-- Dataset entries follows --

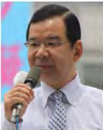
Kazuo Shii.

Speaker Newt Gingrich has pointed out in a Washington Times op-ed that the chairman of the Japanese Communist Party has revealed their plan in an interview. Communist Party chairman Shii said openly that the starting point in the history of this, was an anti-communist organization that was united with the Unification Church . They called this half a century of historical collusion between the two organizations.
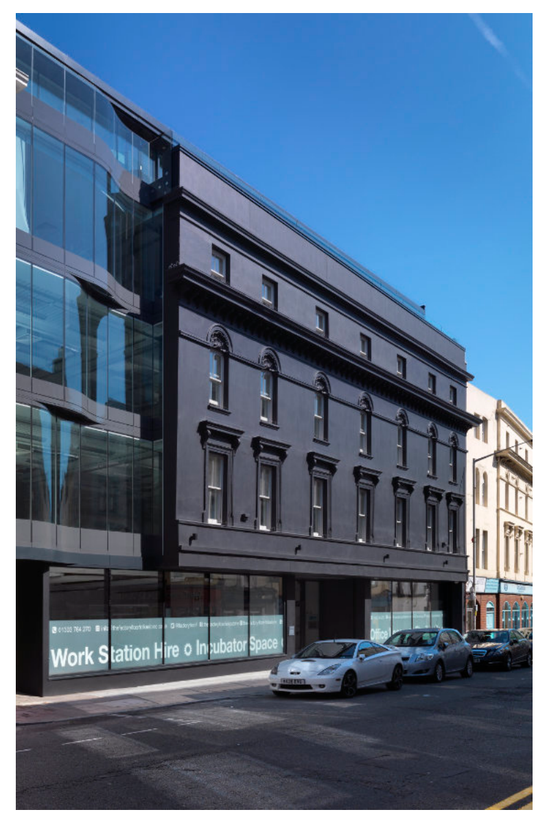
The Workshop, Guy Hollaway Architects
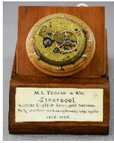
Lot # 441
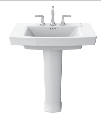
Townsend pedestal combination 0328.800
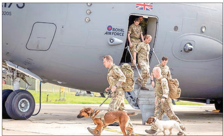
A handout picture released by the British Ministry of Defence (MOD) shows military personnel and military working dogs departing from a RAF C-17 aircraft after landing at RAF Brize Norton, west of London on 29 August 2021, as the troops and diplomatic staff return from assisting with the evacuation of people from Kabul airport in Afghanistan.

BRITAIN has opened talks with the Taliban over the "safe pas-
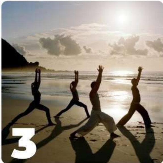
YOGA & ZUMBA SESSIONS
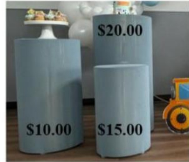
CYLINDER COVERS Spandex Cover in Varies Colours
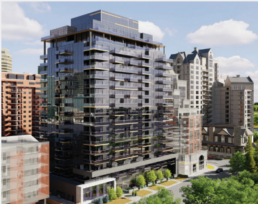
FIRST & PARK, CALGARY
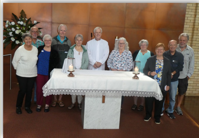
St Vincent de Paul Conference joined in retreat at St Joseph's Church on Thursday 22nd.

-- Dataset entries concluded --

**Work order:** Which lines above contain the word "Shii"? Show each of them.

**Response:**
Kazuo Shii.
Speaker Newt Gingrich has pointed out in a Washington Times op-ed that the chairman of the Japanese Communist Party has revealed their plan in an interview. Communist Party chairman Shii said openly that the starting point in the history of this, was an anti-communist organization that was united with the Unification Church . They called this half a century of historical collusion between the two organizations.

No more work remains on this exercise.